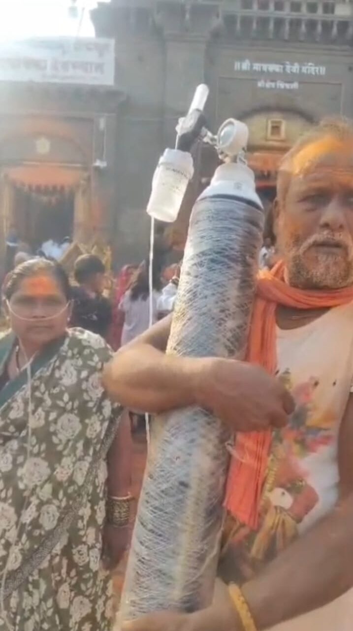 ಉಸಿರಾಟದ ಸಮಸ್ಯೆಯಿದ್ದರೂ ಕುಗ್ಗದ ಭಕ್ತಿ! ಆಕ್ಸಿಜನ್ ಸಿಲಿಂಡರ್ ಜೊತೆ ಚಿಂಚಲಿ ಮಾಯಕ್ಕನ ದರ್ಶನ ಪಡೆದ ದಂಪತಿ.
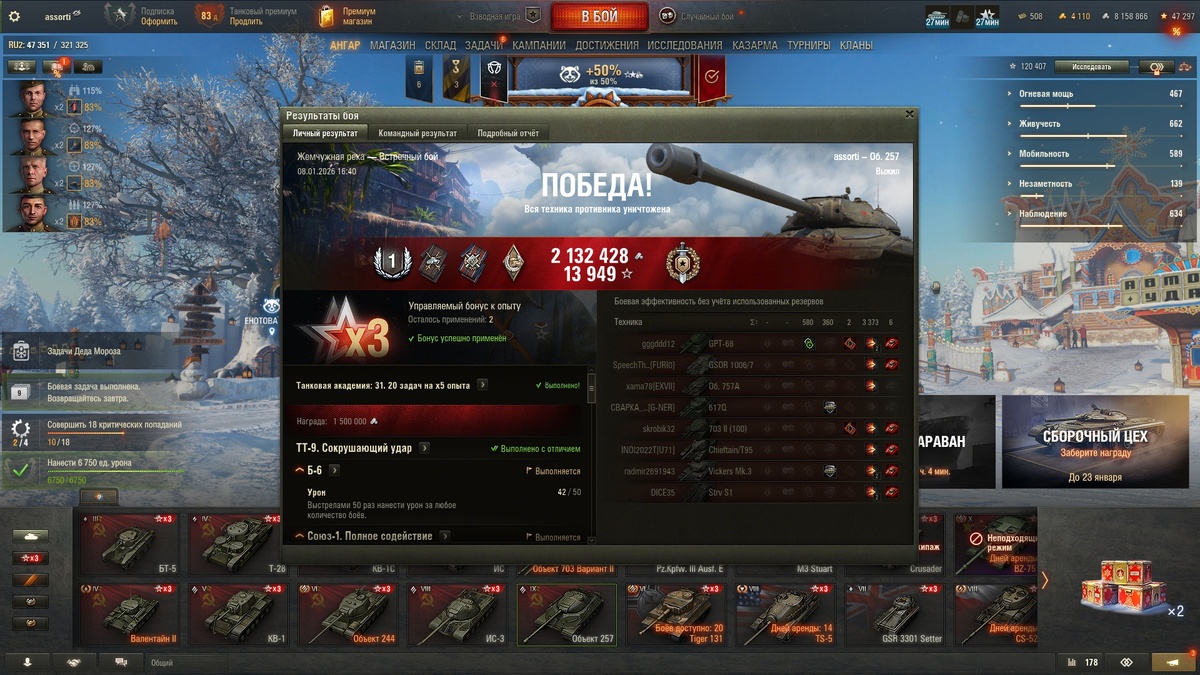 Также не забываем, что до 12 января действуют скидки на снаряжение и оборудование. Для успешного развития аккаунта важно успевать закупиться расходниками во время таких распродаж. Таким образом вы сэкономите 50% стоимости снаряжения в КАЖДОМ бою!
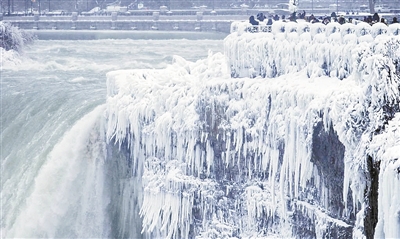加拿大安大略省,低温来袭时尼亚加拉瀑布结冰的壮观景象。

**WHAT YOU ARE ASKED TO DO**
Your task is to copy word for word the lines from the line containing "Также не забываем, что" to the end of the listing, both included, and to drop any pictures.

**ANSWER SPACE**
 Также не забываем, что до 12 января действуют скидки на снаряжение и оборудование. Для успешного развития аккаунта важно успевать закупиться расходниками во время таких распродаж. Таким образом вы сэкономите 50% стоимости снаряжения в КАЖДОМ бою!
加拿大安大略省,低温来袭时尼亚加拉瀑布结冰的壮观景象。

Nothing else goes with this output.